My name is Mohammed Mushib. I live in Salt Lake City, but I was born in Baghdad and lived there until 2007. In Baghdad, I was a television journalist. In Salt Lake City, I am a refugee. Once I reported stories, now I am part of a story…

…I had a nice house, a nice car, and my wife Faeza and I started our family…

…In 2003, the war started. Iraq was in chaos. We did not have a government for one and a half years, so the people established security units for each neighborhood. I was a security guard in my neighborhood. In 2005, the civil war started. The militias killed many people. I lost friends, I lost relatives, there was death all around…

…In February of 2008, the United Nations told us that we could go to the U.S. as refugees…

…We, along with about 20 other families, flew to Turkey, on to New York, then to Dallas, then to Salt Lake City. The other families went different ways in New York, we flew alone to Dallas. We spoke no English. No one met our plane. I saw a salesclerk at the airport who was wearing a hijab. She was from Somalia, and she only spoke a little Arabic. I was very relieved and grateful for her help – she gave us cake and cola and a banana, which she paid for – that I cried. God sent her to us at that moment.

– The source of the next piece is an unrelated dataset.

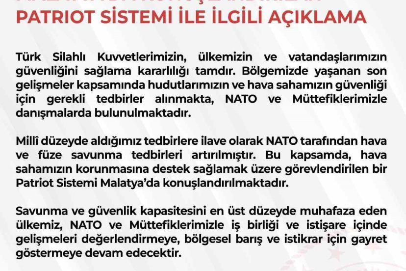 "Türk Silahlı Kuvvetlerimizin, ülkemizin ve vatandaşlarımızın güvenliğini sağlama kararlılığı tamdır. Bölgemizde yaşanan son gelişmeler kapsamında hudutlarımızın ve hava sahamızın güvenliği için gerekli tedbirler alınmakta, NATO ve müttefiklerimizle danışmalarda bulunulmaktadır. Milli düzeyde aldığımız tedbirlere ilave olarak NATO tarafından hava ve füze savunma tedbirleri artırılmıştır. Bu kapsamda, hava sahamızın korunmasına destek sağlamak üzere görevlendirilen bir Patriot sistemi Malatya’da konuşlandırılmaktadır. Savunma ve güvenlik kapasitesini en üst düzeyde muhafaza eden ülkemiz, NATO ve müttefiklerimizle iş birliği ve istişare içinde gelişmeleri değerlendirmeye, bölgesel barış ve istikrar için gayret göstermeye devam edecektir."

We arrived in Salt Lake City, no one met us. I found the exit, there was no one except a security guard. who pointed me toward the FBI, which I knew from movies. They told me that our contacts from the International Rescue Committee were outside! They took us to a motel for the night, and after 1 or 2 hours of sleep, there was a knock on the door. It was a woman who spoke Arabic and identified herself as the person whose name I had gotten from my brother. She brought us food and welcomed us to Utah. In the morning, our case worker, Travis, took us to our apartment and to WalMart to shop, and our new life began… Read more here

The good news is that Utah and the Salt Lake community has actually taken proactive and creative efforts to help refugees who have advanced skills and degrees – so different from what we saw in nearby California when Iraqi SIVs (Special Immigrant Visa holders) were arriving in Sacramento in late 2009. (In that case state refugee coordinator Thuan Nguyen gave us endless excuses and misreferrals in our attempt to aid two Iraqi engineers whom a resettlement contractor had referred to low-skill, low-pay jobs. In one case that involved a job at a distant food market beginning at 5am before buses operated, and in another case involved a set-up at a gas station where the resettlement contractor first took a relative in to be interviewed before coming out and canceling the SIV refugee’s interview.)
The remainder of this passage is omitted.